Hello there! As I mentioned in my introduction post, I have quite the older female budgie named Alex. She used to have a friend with her in the cage whose name was Robin, but he unfortunately passed away. She's been alone ever since, and although she seems content on her own, I've decided that I want to bond with her so she doesn't have to be alone anymore.

I started this process yesterday, and she already seems okay-ish with my hand outside her cage. I've been showing her my hand, and moving it around the outside for her to look at and get used to, but for some reason she sometimes very suddenly lurches in its direction and makes a small soft chirp noise. I think she's trying to bite it? Other than that, she doesn't run away from it anymore if it's outside her cage and moving slowly, and she ruffles her feathers and closes her eyes when I'm talking to her. I was told that that is a sign that they're relaxed and calm, which is a good thing... until she lurches and tries to bite me lol.

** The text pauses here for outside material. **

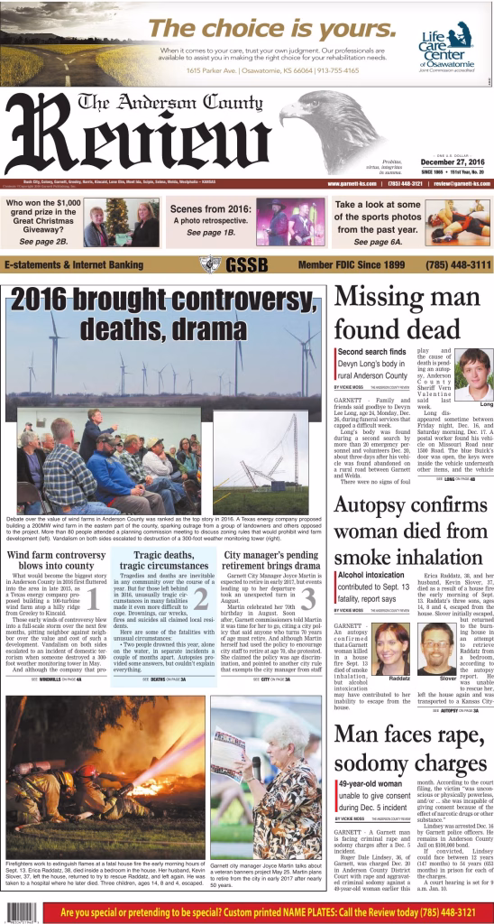 Archived edition of the Anderson County Review from December 27, 2016. Search this edition and others like it on our website or download the original PDF.

Anyways, I was just wondering if it's possible for a budgie to be territorial of their cage, and if so, how to solve that. And if it's not that, then I think she's seeing my hand as a threat. How do I show her that I mean no harm to her? Or am I doing something that she could be genuinely uncomfortable with? Any help would be much appreciated! :001_smile:

I uploaded a picture of her in the attachments, but it uploaded sideways. No idea why. :sad:


----------



## justmoira (Aug 29, 2014)

It's definitely possible she's defensive about her cage, especially if she's not used to a lot of human interaction. 
Have you read the stickies about taming a new bird? These will really help you with bonding with any bird, but especially those not used to human contact. I would definitely remove any mirrors though; she'll rather hang out with another 'bird' than a weirdo human. XD


----------



## budgielove27 (Aug 30, 2018)

She does have that little mirror, I will remove it to try and get her to bond with me more. I also want to move her into my bedroom, because that's where I'll spend most of my time after school goes back (doing homework and such). Maybe a scenery change will help her be less defensive.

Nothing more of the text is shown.